As Crawford explains, the reason for this slow adoption is neither because nuclear plants are unsafe or because they can't be built cheaply. Rather, burdensome regulation has raised production costs to a level where people would rather pay for other energy sources,
Excessive concern about low levels of radiation led to a regulatory standard known as ALARA: As Low As Reasonably Achievable. What defines “reasonable”? It is an ever-tightening standard. As long as the costs of nuclear plant construction and operation are in the ballpark of other modes of power, then they are reasonable.
This might seem like a sensible approach, until you realize that it eliminates, by definition, any chance for nuclear power to be cheaper than its competition. Nuclear can‘t even innovate its way out of this predicament: under ALARA, any technology, any operational improvement, anything that reduces costs, simply gives the regulator more room and more excuse to push for more stringent safety requirements, until the cost once again rises to make nuclear just a bit more expensive than everything else. Actually, it‘s worse than that: it essentially says that if nuclear becomes cheap, then the regulators have not done their job.
Crawford lays blame on the incentives of regulators. As he put it,
[The regulators] get no credit for approving new plants. But they do own any problems. For the regulator, there‘s no upside, only downside. No wonder they delay.
In fact, these perverse incentives facing regulators have long been known by economists who favor deregulation. Writing in 1980, Milton and Rose Friedman gave the following argument in the context of the FDA regulation,
It is no accident that the FDA, despite the best of intentions, operates to discourage the development and prevent the marketing of new and potentially useful drugs. Put yourself in the position of an FDA official charged with approving or disapproving a new drug. You can make two very different mistakes:
1. Approve a drug that turns out to have unanticipated side effects resulting in the death or serious impairment of a sizable number of persons.
2. Refuse approval of a drug that is capable of saving many lives or relieving great distress and that has no untoward side effects.
If you make the first mistake—approve a thalidomide—your name will be spread over the front page of every newspaper. You will be in deep disgrace. If you make the second mistake, who will know it?
Given the moral case here, it might come as a surprise that the effect of regulation on technological innovation has not generally been well studied. Philippe Aghion et al. recently published a paper saying as much in their introduction. Still, although we lack a large literature to show the role regulation plays to delay technological development, it almost certainly does.

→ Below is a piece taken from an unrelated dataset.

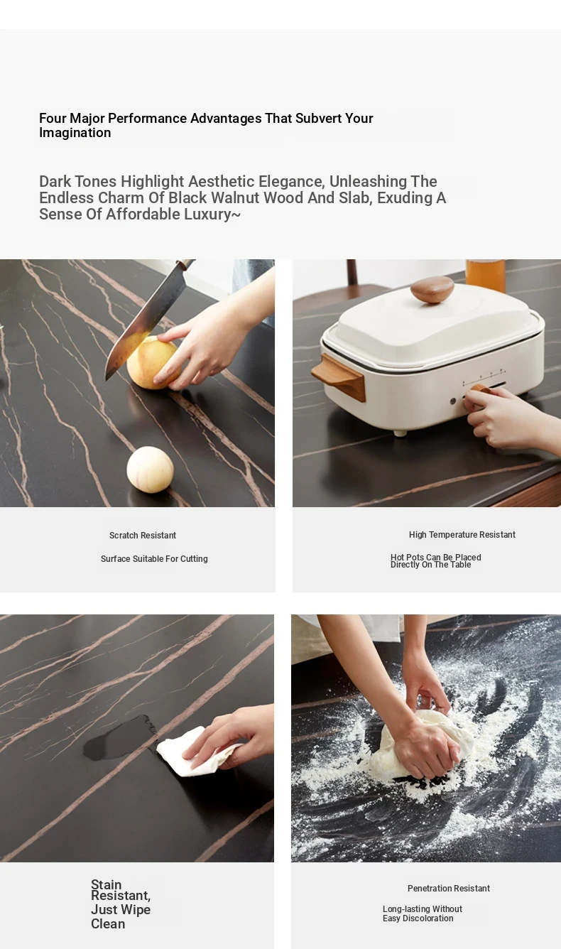 (Nanyang Golden Sandalwood Walnut Color) 47.24 in Water Cloud Yarn Rock Plate Dining Table (47.24in*47.24in*29.92in)

Regulation is arguably the main thing standing in the way of lots of futuristic technologies: human cloning, human genetic engineering, and climate engineering come to mind, just to name a few.
One might think that the AI industry is immune to such regulation, or nearly so. After all, the tech industry has historically experienced a lot of growth without much government interference. What reason is there for this to stop?
I offer two replies. The first reason is that governments of the world are already on the cusp of a concerted effort to regulate technology companies. A New York Times article from April 20th explains,
China fined the internet giant Alibaba a record $2.8 billion this month for anticompetitive practices, ordered an overhaul of its sister financial company and warned other technology firms to obey Beijing’s rules.
Now the European Commission plans to unveil far-reaching regulations to limit technologies powered by artificial intelligence.
And in the United States, President Biden has stacked his administration with trustbusters who have taken aim at Amazon, Facebook and Google.
Around the world, governments are moving simultaneously to limit the power of tech companies with an urgency and breadth that no single industry had experienced before. Their motivation varies. In the United States and Europe, it is concern that tech companies are stifling competition, spreading misinformation and eroding privacy; in Russia and elsewhere, it is to silence protest movements and tighten political control; in China, it is some of both.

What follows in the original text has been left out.